第73章 道門符牌
獅子頭就站在她旁邊,已經被嚇得愣在了那裏,嘴唇哆嗦著,半天都沒說出一句話來。
還別說他,剛才這一下,就連我都被嚇著了。我從來沒見過像這樣的燕子,也不知剛才究竟發生了什麽事。
“啊!”那妖豔女人發出一聲尖叫,“貝貝啊,貝貝啊,你怎麽了呀!”
這女人叫得真是難聽死了,吵得我頭疼。
隻聽到“哢嚓”一聲響,黑毛硬生生把拿在手裏的一個茶碗黑捏得碎了,大踏步上去,一把將那女人趕開,抓住那小白臉的頭發,像拽一條死狗一樣就把人給拽著朝外拖出去。
“誰叫你帶道士進來的?”麻老大一隻獨眼盯著獅子頭,一張臉黑得像要滴出墨來,“真當我們的規矩是擺設是不是?”
獅子頭額頭上冷汗涔涔,身子已經在發抖,顫聲說:“我……我真不知道,真不知道……”
肌肉男一言不發地走上前去,一手一個,拎住那對夫妻的脖子,大踏步出門,把人給丟了出去,衝獅子頭吼道:“還不快滾!”
我被他這一聲厲吼嚇了一跳。

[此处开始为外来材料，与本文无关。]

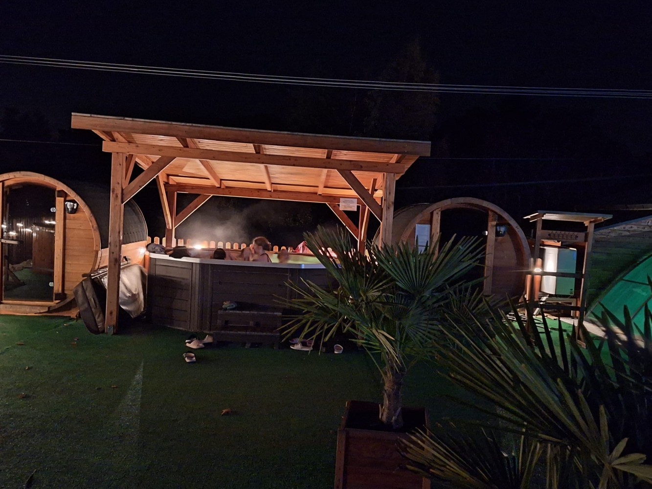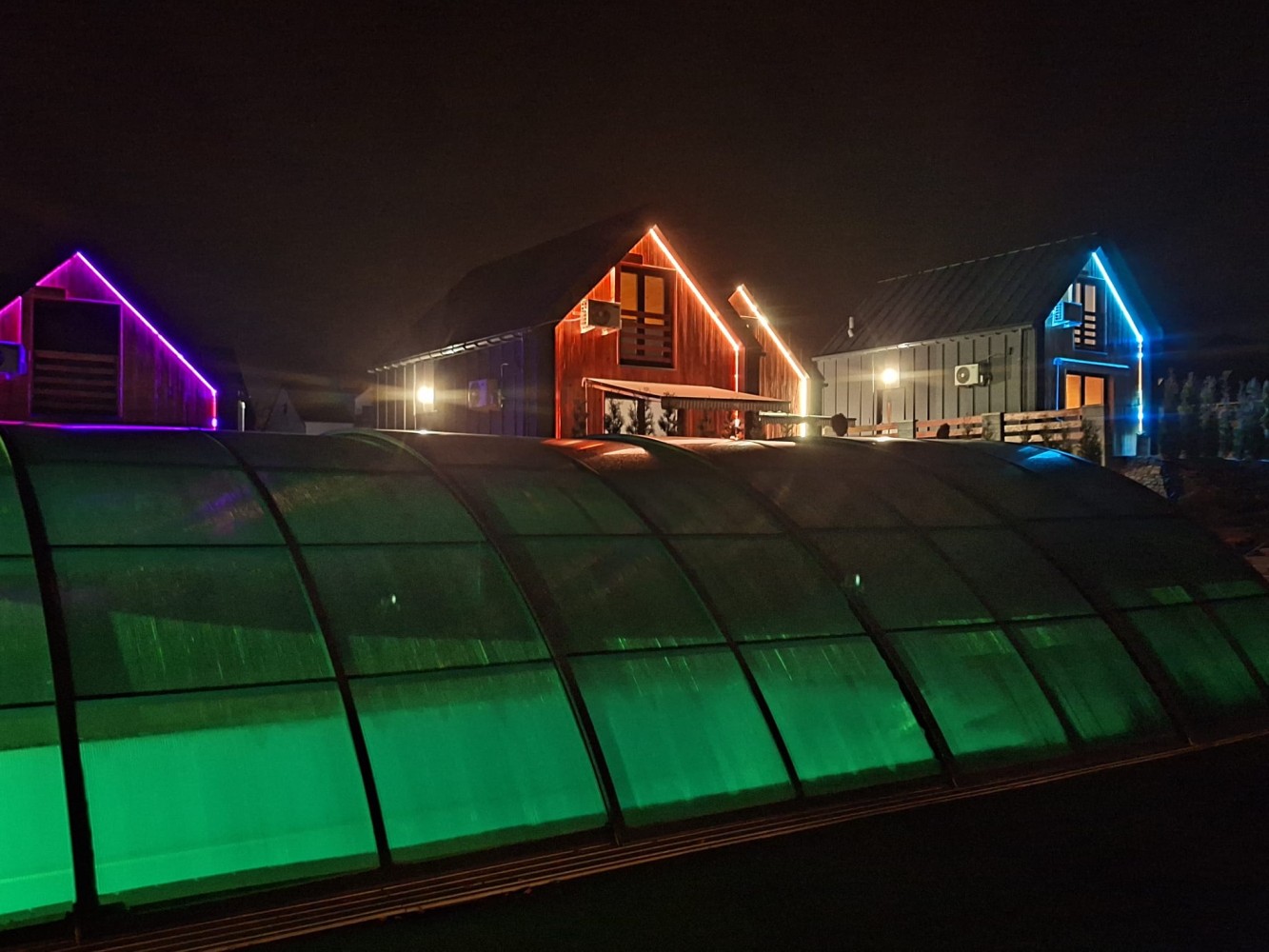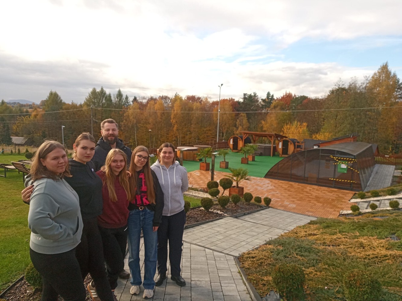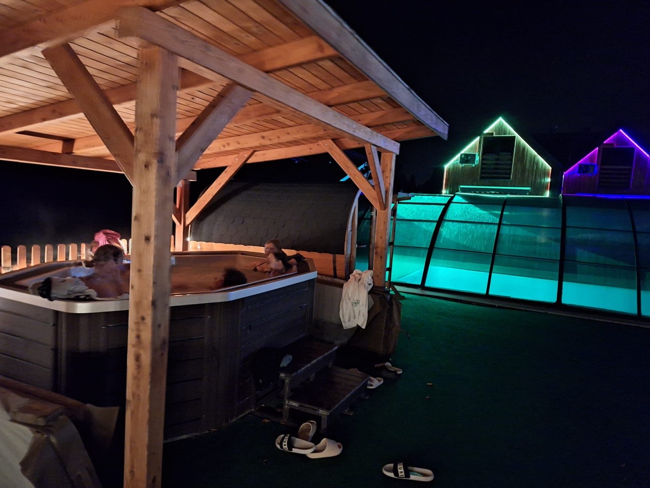 Dzień zakończyliśmy w „Zielonej osadzie” gdzie nowe domki w stylu skandynawskim ukazały się wieczorem w bajkowej scenerii. Młodzież zanurzyła się w jacuzzi i relaksowała , ciesząc się ciszą i spokojem . Basen sauna i balia ruska to dodatkowe atrakcje „Zielonej osady”
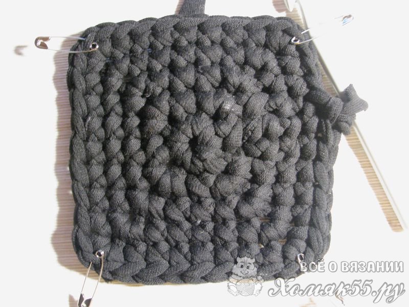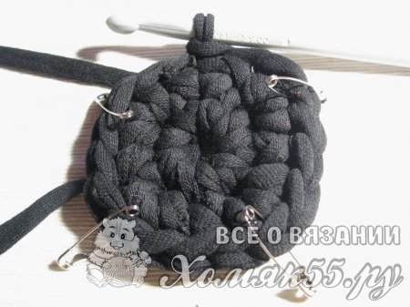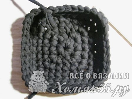 2-й ряд воздушная петля, 1 столбик без накида, сделайте 3 прибавления, далее 1 столбик без накида, опять 3 прибавления и таким образом провяжите весь ряд, закончив соединительной петлей. Те столбики, в которых вы сделали прибавления, отметь булавкой, скрепкой или специальными маркерами. Это буду уголки корзинки.
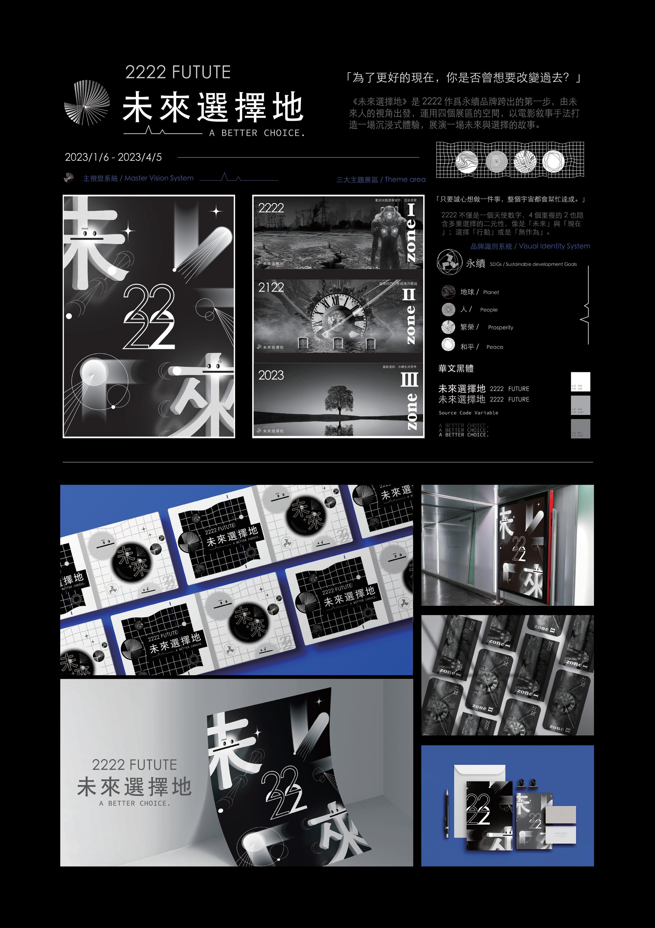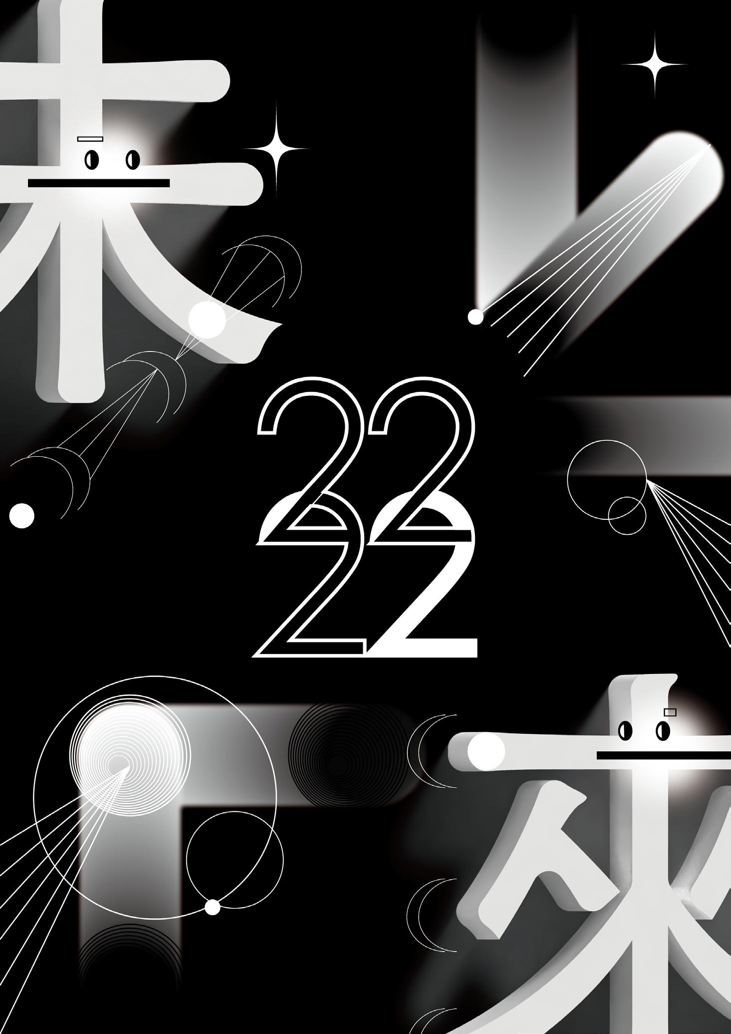 畫面中間的四個2彼此交疊,代表著未來是許多個現在互相重疊交錯編織而成的, 而左上與右下角的「未來」兩字,彼此相互對視著,挑起單邊眉毛的表情似乎是 在做出選擇,也代表著對於未來的選擇是需要經過重重的思考、猜疑與推測的, 甚至在做出了選擇後,還是會時不時望向另一個答案,抱著其他對於未來的想像。 另外,我運用了許多幾何圖形,代表著許多的含義,放射狀而逐漸模糊的長條形, 表示著未來是向四面八方開展發射出的,不斷放大而彼此交疊的圓,代表著未來 是沒有盡頭的放大、推演而不停止的,而其中相連的月亮符號,代表著宇宙的運 轉,希望停留在現在、過去、抑或是去到未來,在多重的宇宙間彼此穿梭著,只 為了選擇出更好的未來。

平日裏殯儀館這麽多人中,就數肌肉男最是麵目和善,臉上總是掛著憨厚的笑容,給人很安心的感覺,但此時他的一張臉卻冷得跟冰一樣,目露凶光,簡直就像一頭暴怒的野獸一般。
獅子頭話都說不囫圇了,去拉了裝男童的鐵盒子就跌跌撞撞地滾出了門。不過轉眼間功夫,屋子裏就隻剩下麻殯儀館的幾個人。隱約還能聽到外頭黑毛的喝罵聲,獅子頭等人像被趕牲口似的轟了出去。
我見到燕子還站在那裏,胸口不停起伏,一隻手上抓著半截瓷瓶的碎片,手掌被碎片割傷,鮮血蜿蜒淌下,忙上拉了拉燕子的胳膊,把瓷瓶碎片小心地從她手裏拿出來,從包裏取出一些止血的紗布,替她處理傷口。